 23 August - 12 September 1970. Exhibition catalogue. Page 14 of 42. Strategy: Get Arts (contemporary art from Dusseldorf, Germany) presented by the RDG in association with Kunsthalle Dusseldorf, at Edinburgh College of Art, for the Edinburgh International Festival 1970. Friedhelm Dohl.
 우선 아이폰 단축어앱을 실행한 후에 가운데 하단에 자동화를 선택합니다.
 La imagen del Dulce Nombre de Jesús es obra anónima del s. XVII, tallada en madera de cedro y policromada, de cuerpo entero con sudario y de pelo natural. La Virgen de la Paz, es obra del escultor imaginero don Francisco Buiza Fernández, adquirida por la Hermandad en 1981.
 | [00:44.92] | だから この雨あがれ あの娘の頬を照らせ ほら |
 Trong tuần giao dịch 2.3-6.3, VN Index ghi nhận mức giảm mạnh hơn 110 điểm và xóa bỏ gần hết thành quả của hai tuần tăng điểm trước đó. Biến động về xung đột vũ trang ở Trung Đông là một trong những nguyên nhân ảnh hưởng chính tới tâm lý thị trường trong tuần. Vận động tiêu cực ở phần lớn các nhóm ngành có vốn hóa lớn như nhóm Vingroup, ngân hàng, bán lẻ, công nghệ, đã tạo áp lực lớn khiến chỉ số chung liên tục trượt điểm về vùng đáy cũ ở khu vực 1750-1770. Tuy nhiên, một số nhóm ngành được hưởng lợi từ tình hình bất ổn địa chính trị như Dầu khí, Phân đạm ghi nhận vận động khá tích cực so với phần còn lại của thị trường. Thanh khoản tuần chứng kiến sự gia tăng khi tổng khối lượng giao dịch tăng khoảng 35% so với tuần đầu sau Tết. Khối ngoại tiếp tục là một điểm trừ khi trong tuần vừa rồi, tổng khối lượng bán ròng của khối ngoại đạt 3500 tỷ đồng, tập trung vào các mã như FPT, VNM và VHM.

▶ _EXERCISE GOAL_: The data above should be copied exactly, with no line omitted.

▶ _WRITTEN RESPONSE_:
 23 August - 12 September 1970. Exhibition catalogue. Page 14 of 42. Strategy: Get Arts (contemporary art from Dusseldorf, Germany) presented by the RDG in association with Kunsthalle Dusseldorf, at Edinburgh College of Art, for the Edinburgh International Festival 1970. Friedhelm Dohl.
 우선 아이폰 단축어앱을 실행한 후에 가운데 하단에 자동화를 선택합니다.
 La imagen del Dulce Nombre de Jesús es obra anónima del s. XVII, tallada en madera de cedro y policromada, de cuerpo entero con sudario y de pelo natural. La Virgen de la Paz, es obra del escultor imaginero don Francisco Buiza Fernández, adquirida por la Hermandad en 1981.
 | [00:44.92] | だから この雨あがれ あの娘の頬を照らせ ほら |
 Trong tuần giao dịch 2.3-6.3, VN Index ghi nhận mức giảm mạnh hơn 110 điểm và xóa bỏ gần hết thành quả của hai tuần tăng điểm trước đó. Biến động về xung đột vũ trang ở Trung Đông là một trong những nguyên nhân ảnh hưởng chính tới tâm lý thị trường trong tuần. Vận động tiêu cực ở phần lớn các nhóm ngành có vốn hóa lớn như nhóm Vingroup, ngân hàng, bán lẻ, công nghệ, đã tạo áp lực lớn khiến chỉ số chung liên tục trượt điểm về vùng đáy cũ ở khu vực 1750-1770. Tuy nhiên, một số nhóm ngành được hưởng lợi từ tình hình bất ổn địa chính trị như Dầu khí, Phân đạm ghi nhận vận động khá tích cực so với phần còn lại của thị trường. Thanh khoản tuần chứng kiến sự gia tăng khi tổng khối lượng giao dịch tăng khoảng 35% so với tuần đầu sau Tết. Khối ngoại tiếp tục là một điểm trừ khi trong tuần vừa rồi, tổng khối lượng bán ròng của khối ngoại đạt 3500 tỷ đồng, tập trung vào các mã như FPT, VNM và VHM.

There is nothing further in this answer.